Outcomes After Two Years of Providing Antiretroviral Treatment in Khayelitsha, South Africa

David Coetzee; Katherine Hildebrand; Andrew Boulle; Gary Maartens; Francoise Louis; Veliswa Labatala; Hermann Reuter; Nonthutuzelo Ntwana; Eric Goemaere


AIDS. 2004;18(6) 

In This Article

Abstract and Introduction

Background: A community-based antiretroviral therapy (ART) programme was established in 2001 in a South African township to explore the operational issues involved in providing ART in the public sector in resource-limited settings and demonstrate the feasibility of such a service.
Methods: Data was analysed on a cohort of patients with symptomatic HIV disease and a CD4 lymphocyte count < 200 × 106 cells/l.

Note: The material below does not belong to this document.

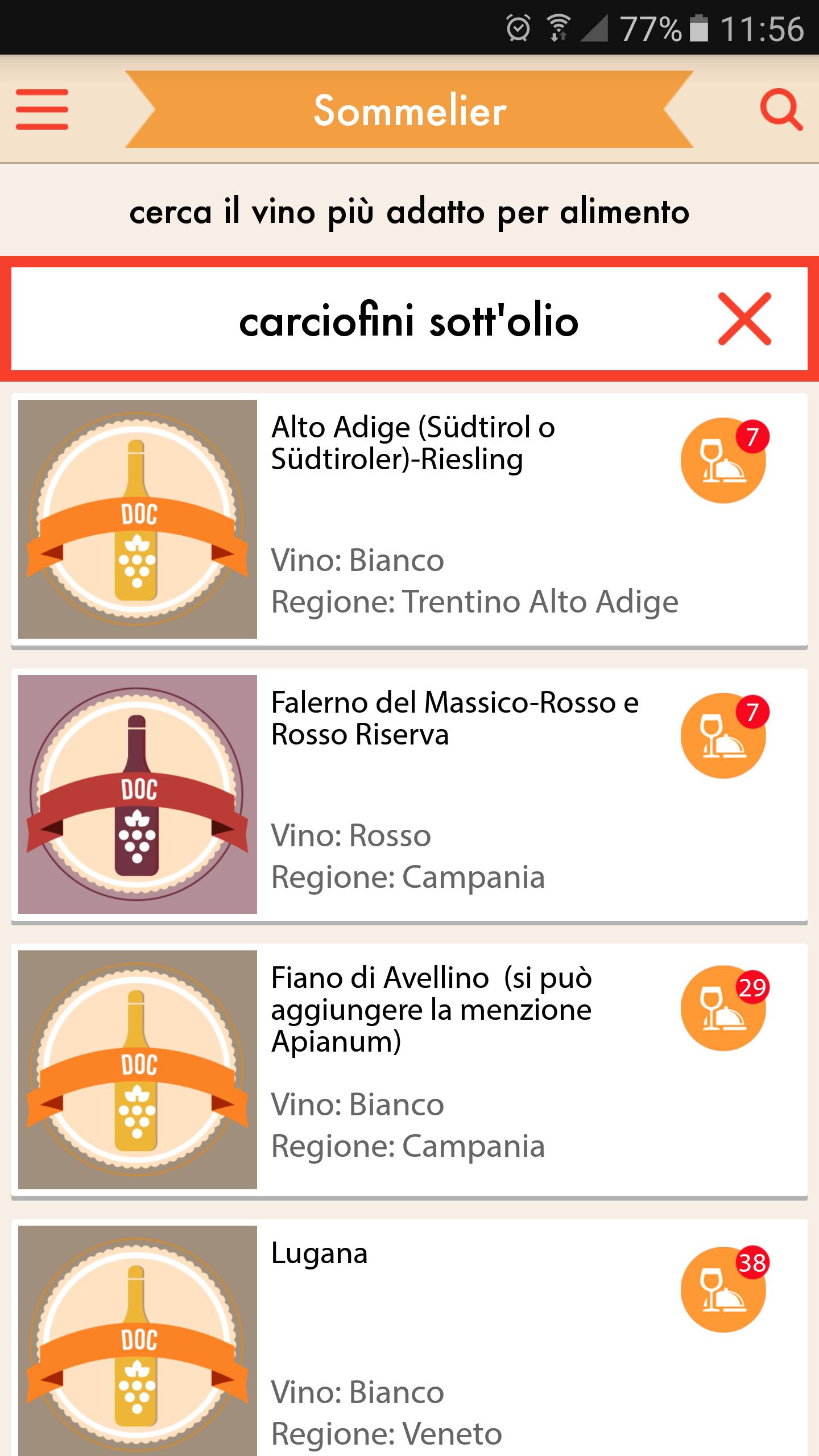• The Sommelier section with the most important information on all Italian DOC (like the vine, the area of origin, colour, flavour, alcoholic degree and foods with which they match better) and the matching recipes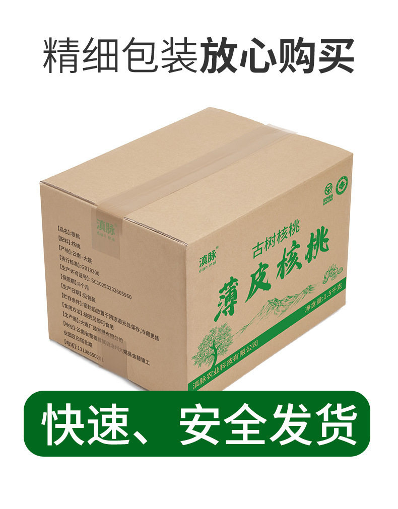 | Packaging specifications | 【paper】walnut large fruit 0.5kg,【paper】walnut large fruit 1.5kg,【paper】walnut large fruit 2.5kg,[thin skin] walnut large fruit 0.5kg,[thin skin] walnut large fruit 1.5kg,[thin skin] walnut large fruit 2.5kg |

The programme used standardized protocols (using generic medicines whenever possible), a team-approach to clinical care and a patient-centred approach to promote adherence.
Results: Two-hundred and eighty-seven adults naive to prior ART were followed for a median duration of 13.9 months. The median CD4 lymphocyte count was 43 × 106 cells/l at initiation of treatment, and the mean log10 HIV RNA was 5.18 copies/ml. The HIV RNA level was undetectable (< 400 copies/ml) in 88.1, 89.2, 84.2, 75.0 and 69.7% of patients at 3, 6, 12, 18 and 24 months respectively. The cumulative probability of remaining alive was 86.3% at 24 months on treatment for all patients, 91.4% for those with a baseline CD4 lymphocyte count ≥ 50 × 106 cells/l, and 81.8% for those with a baseline CD4 lymphocyte count < 50 × 106 cells/l. The cumulative probability of changing a single antiretroviral drug by 24 months was 15.1% due to adverse events or contraindications, and 8.4% due to adverse events alone.
Conclusions: ART can be provided in resource-limited settings with good patient retention and clinical outcomes. With responsible implementation, ART is a key component of a comprehensive response to the epidemic in those communities most affected by HIV.

The benefits of antiretroviral therapy (ART) at an individual level are incontrovertible.[1,2] The potential benefits at a population level of successful ART programmes in those countries worst affected by the HIV pandemic are widely argued.[3,4] Even where universal access to ART for those who could benefit from it is not possible, many have argued strongly for ART to be an important component of an integrated response to the epidemic in resource-limited countries.[3,5]

The publication by the World Health Organization (WHO) of guidelines for the scaling up of antiretroviral therapy in resource-limited settings[6] signals a convergence of clinical thinking that should, in theory, facilitate the rapid expansion of ART in these settings. Evidence of the effectiveness of public sector ART programmes in those countries with the largest HIV-morbidity and mortality burdens has, however, been slow in emerging. Many interventions have relied on private or out-of-pocket funding of treatment,[7] and where policies exist to provide treatment in the public sector, uptake has been slower than anticipated.[8]

The aim of this analysis is to present the early clinical outcomes for adults in a public-sector ART programme in a primary care setting in a poor urban community in South Africa.